ACTIVITY >>
Print nothing except the line holding "一位市民從車?yán)锷斐鍪" and the lines that come after it in the material below, and leave the pictures out.

DATA EXTRACT >>
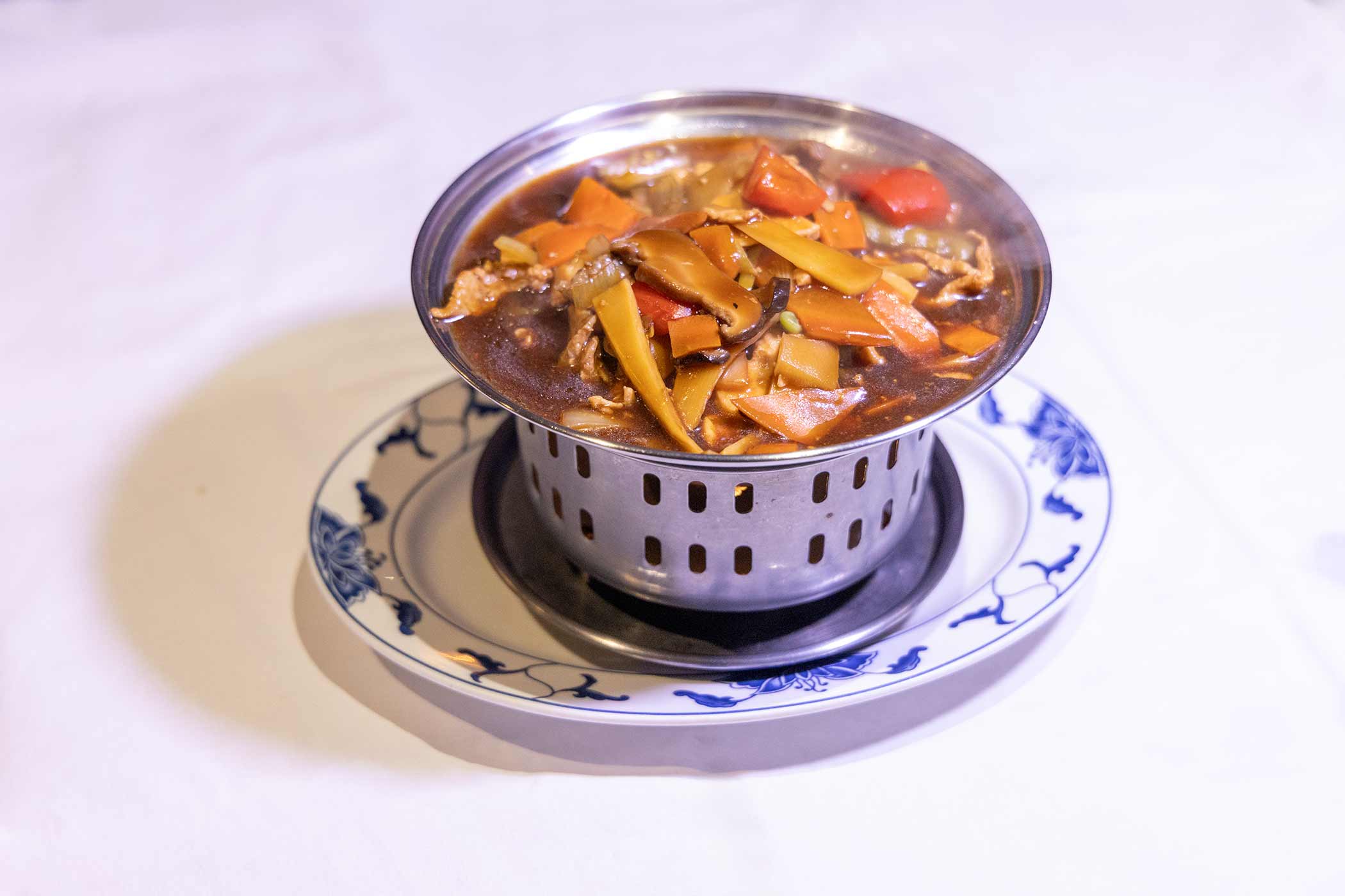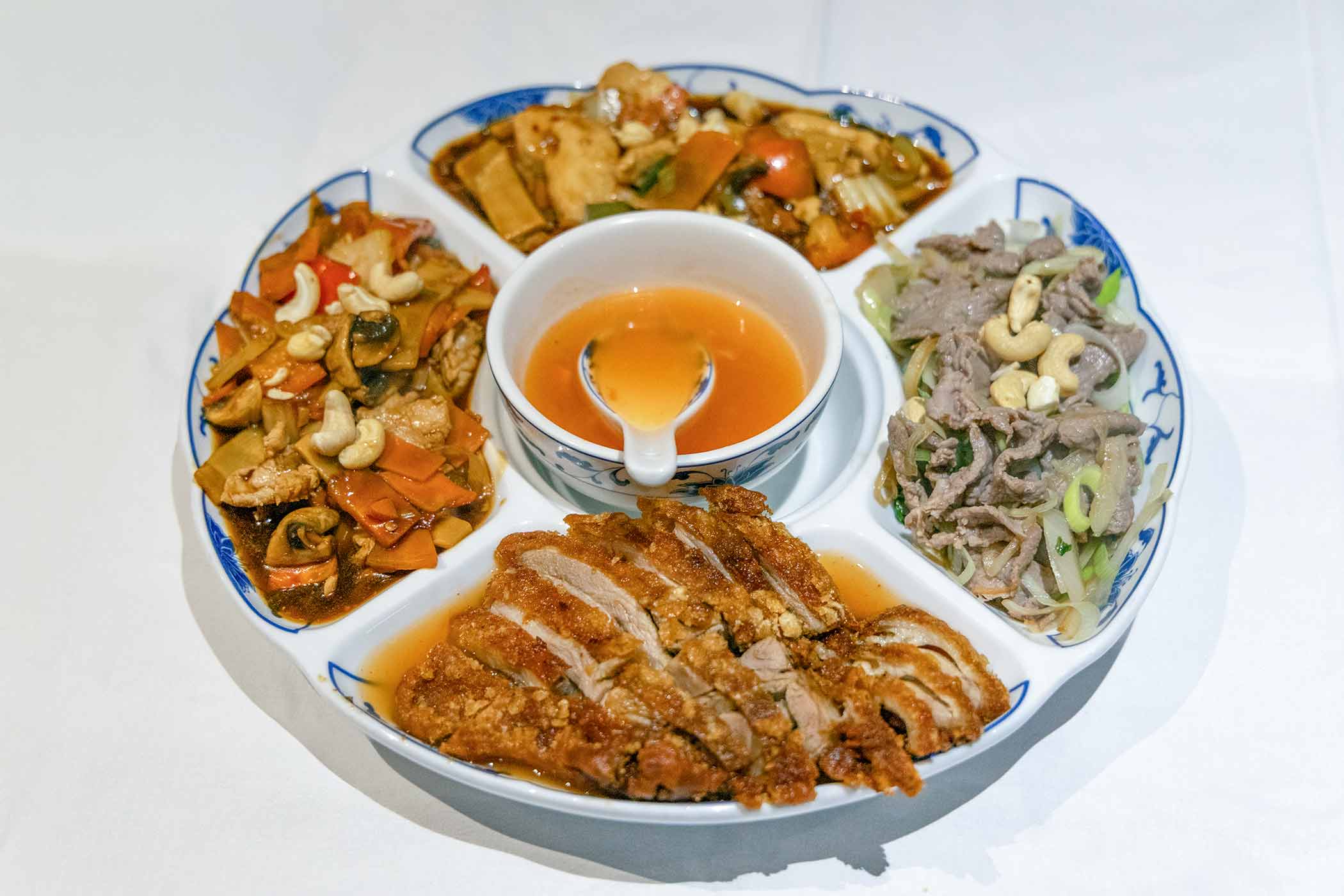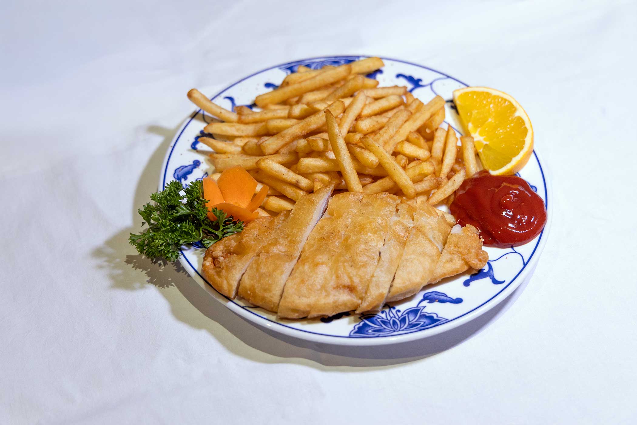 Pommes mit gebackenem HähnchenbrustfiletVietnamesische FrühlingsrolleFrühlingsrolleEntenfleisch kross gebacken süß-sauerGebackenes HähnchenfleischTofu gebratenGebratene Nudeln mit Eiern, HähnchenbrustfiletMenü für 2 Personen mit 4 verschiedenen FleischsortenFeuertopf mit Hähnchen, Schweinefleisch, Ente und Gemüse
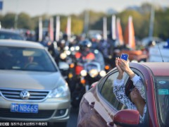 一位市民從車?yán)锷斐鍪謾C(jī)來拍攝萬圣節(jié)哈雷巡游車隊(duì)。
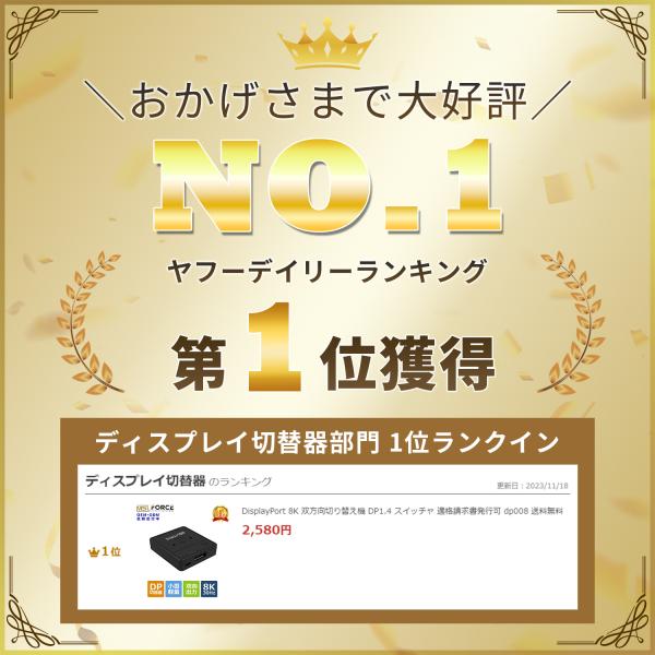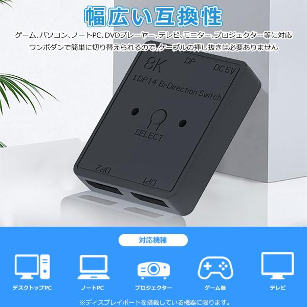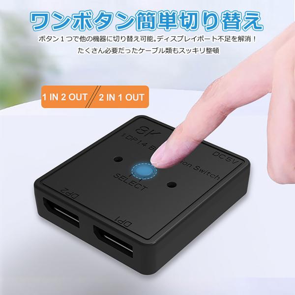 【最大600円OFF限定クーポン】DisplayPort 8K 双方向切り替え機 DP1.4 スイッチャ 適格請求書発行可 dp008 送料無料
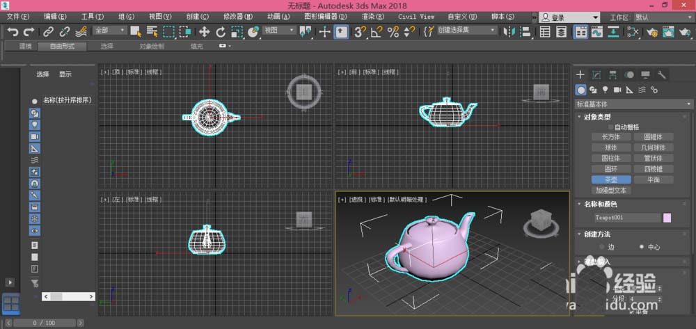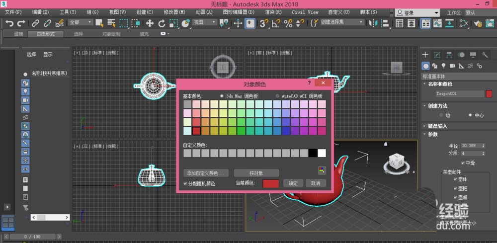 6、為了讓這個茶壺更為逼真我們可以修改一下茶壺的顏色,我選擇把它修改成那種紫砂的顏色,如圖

RESULT OF THIS TASK >>
 一位市民從車?yán)锷斐鍪謾C(jī)來拍攝萬圣節(jié)哈雷巡游車隊(duì)。
 【最大600円OFF限定クーポン】DisplayPort 8K 双方向切り替え機 DP1.4 スイッチャ 適格請求書発行可 dp008 送料無料
 6、為了讓這個茶壺更為逼真我們可以修改一下茶壺的顏色,我選擇把它修改成那種紫砂的顏色,如圖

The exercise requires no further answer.